Kevin Stecyk profile picture
Kevin Stecyk
5.43K Followers

Last month, I stated that I expected that West Texas Intermediate oil prices would be bound between $60 and $67.50 for the next few weeks. With a brief exception, WTI prices have been stayed within that range. I am reiterating that same expectation for the next few weeks because nothing has changed.

The ongoing geopolitical uncertainties remain. And the ongoing debate whether the increase in shale oil production will cause oil prices to recede again has yet to be resolved. Many believe that increasing demand is too great for shale to overcome, while others believe that current high prices will encourage too much production.

Wednesday's Wall Street Journal article "Forecasts for Oil Prices Rise for Fifth-Straight Month" states that investment banks have raised their price forecasts yet again (subscription might be required).

LONDON - Banks raised their forecasts for oil prices for the fifth month in a row in February, signaling continued confidence that prices will continue to recover as the global supply glut drains due to production cuts.

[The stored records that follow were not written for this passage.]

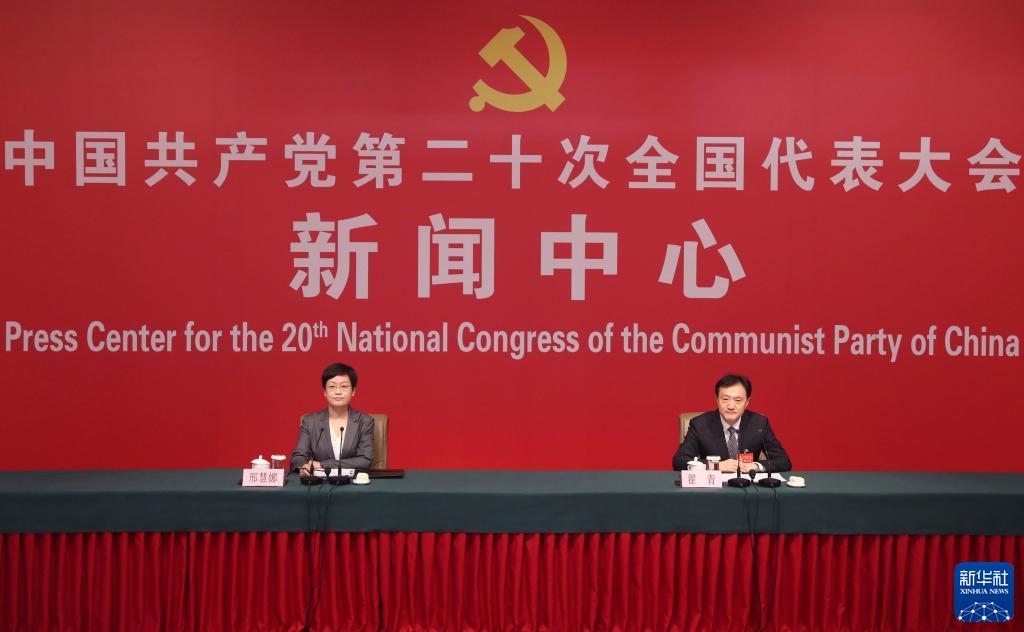 10月21日,中国共产党第二十次全国代表大会新闻中心举行记者招待会。新华社记者 贾浩成 摄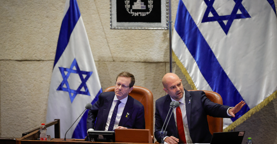 De izquierda a derecha el Presidente de Israel Isaac Herzog y El presidente del Parlamento Amir Ohana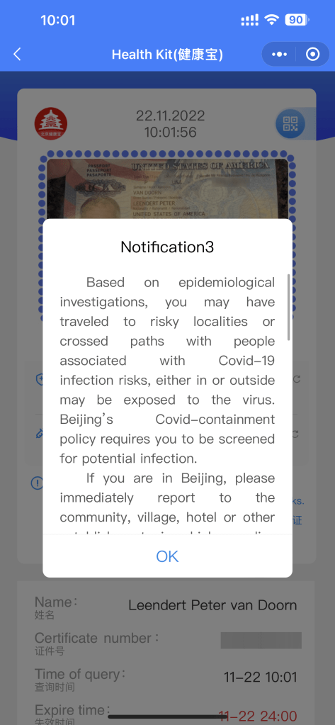 This all happened on Monday evening. If the events leading up to this hadn’t been bad enough, on Tuesday morning I too got the dreaded popup #3. I was no longer allowed into Beijing, so whatever hope I still had of making it to Beijing disappeared. Why you get a popup #3 is a complete mystery and it appears random to everyone I asked. I got one on Tuesday and on Thursday it was gone, only to reappear on Saturday.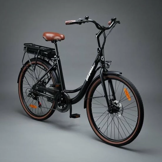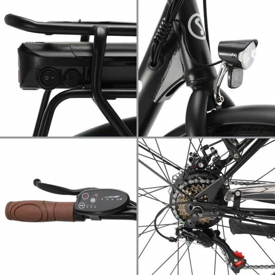 Elektrische stadsfiets 26 ” Surpass – ZWART stalen frame – 6 versnellingen met Shimano? derailleur – Schijfremmen – Motor achteraan 250 W – Veilige verwijderbare accu (2 sleutels) 10 Ah, bereik tot 40 km – 3 ondersteuningsmodi – voor- en achterlichten , bagagerek, bel, reflectoren, spatborden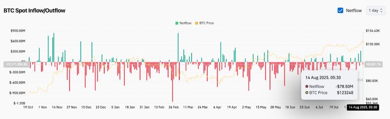 比特币价格目前交易价格约为123,280美元,较昨日上涨0.44%。它突破了122,000美元至122,500美元的阻力位。此次突破是在巨大的买盘压力和交易所的强劲资金流出之后发生的,现货净流量数据显示,8月14日有7850万美元的资金流出。这表明,随着BTC测试其上升通道的上限,其吸筹活动有所加强。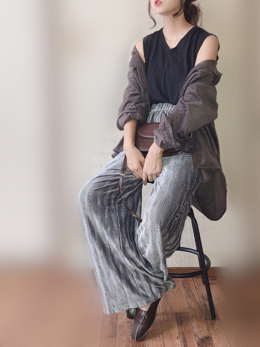 ぴょんのその他パンツ「ウェーブ柄 ベロアワイドパンツ」を使ったコーディネート

Brent crude - the global benchmark - is now expected to average $62 a barrel this year, while West Texas Intermediate, the U.S. standard, should average $58 a barrel, according to a poll of 15 investment banks surveyed by The Wall Street Journal toward the end of February. Both predictions are up roughly $1 from the January survey.

Even investment banks are having a difficult time trying to forecast oil prices.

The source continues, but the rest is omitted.